[DATA SHOWN — start]

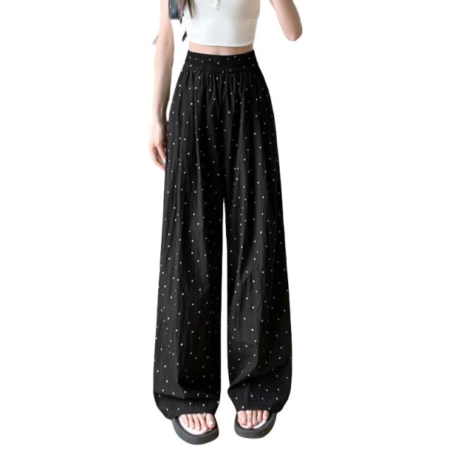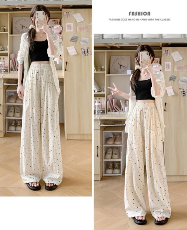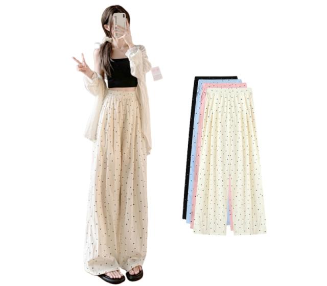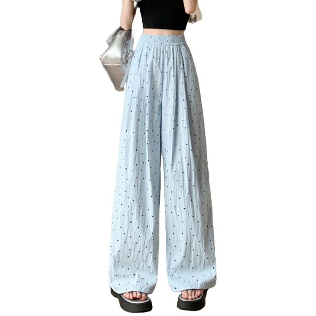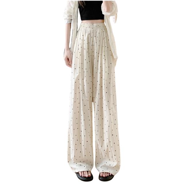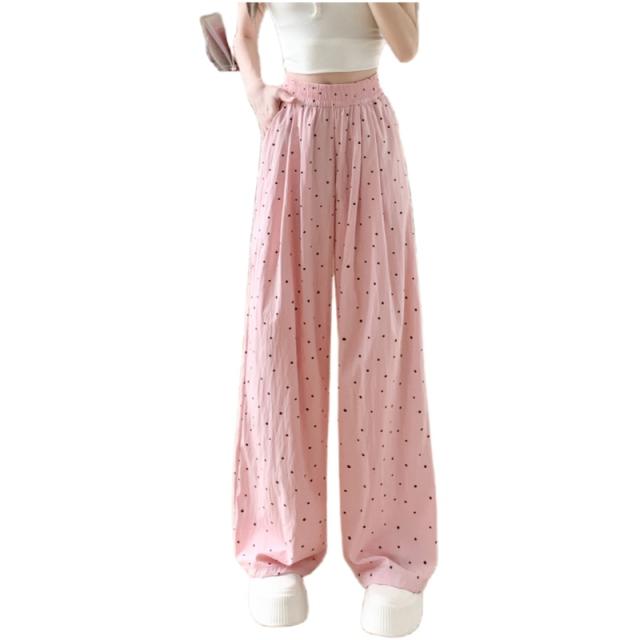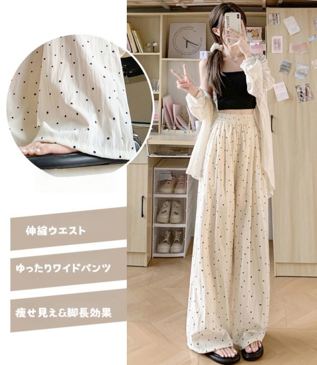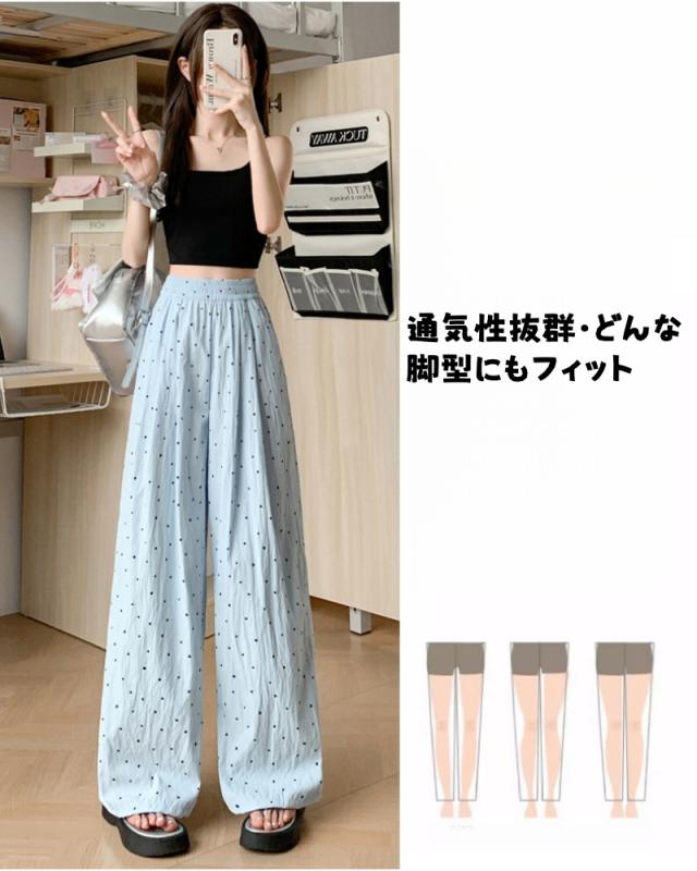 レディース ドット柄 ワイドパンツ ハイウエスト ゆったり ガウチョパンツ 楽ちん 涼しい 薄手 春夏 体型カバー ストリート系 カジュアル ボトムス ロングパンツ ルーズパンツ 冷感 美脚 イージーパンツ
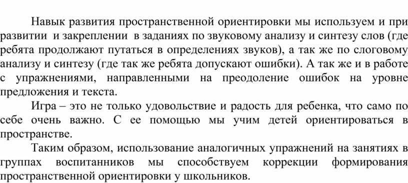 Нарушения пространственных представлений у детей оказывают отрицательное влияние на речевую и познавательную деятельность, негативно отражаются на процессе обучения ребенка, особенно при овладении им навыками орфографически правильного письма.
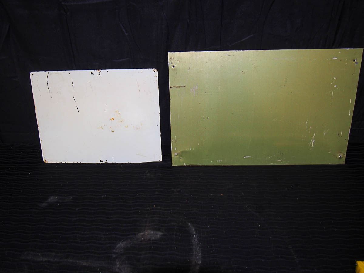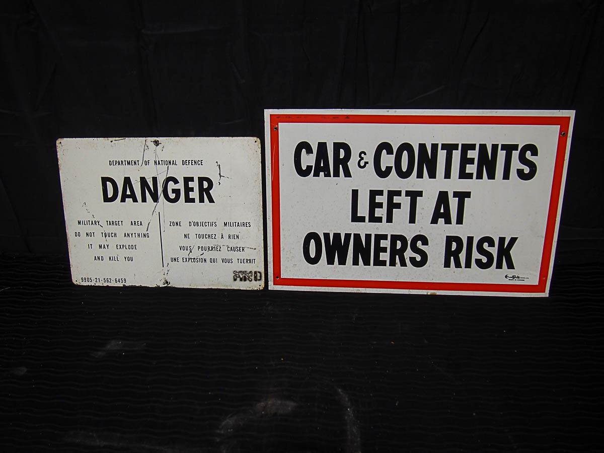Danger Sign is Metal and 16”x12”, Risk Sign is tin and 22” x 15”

[DATA SHOWN — finish]

REQUIRED WORK:
Find the line containing "Нарушения пространственных представлений" in the listing above. Restate it and every line after it, word for word, through the final line, leaving out the pictures.

FINISHED TASK:
 Нарушения пространственных представлений у детей оказывают отрицательное влияние на речевую и познавательную деятельность, негативно отражаются на процессе обучения ребенка, особенно при овладении им навыками орфографически правильного письма.
Danger Sign is Metal and 16”x12”, Risk Sign is tin and 22” x 15”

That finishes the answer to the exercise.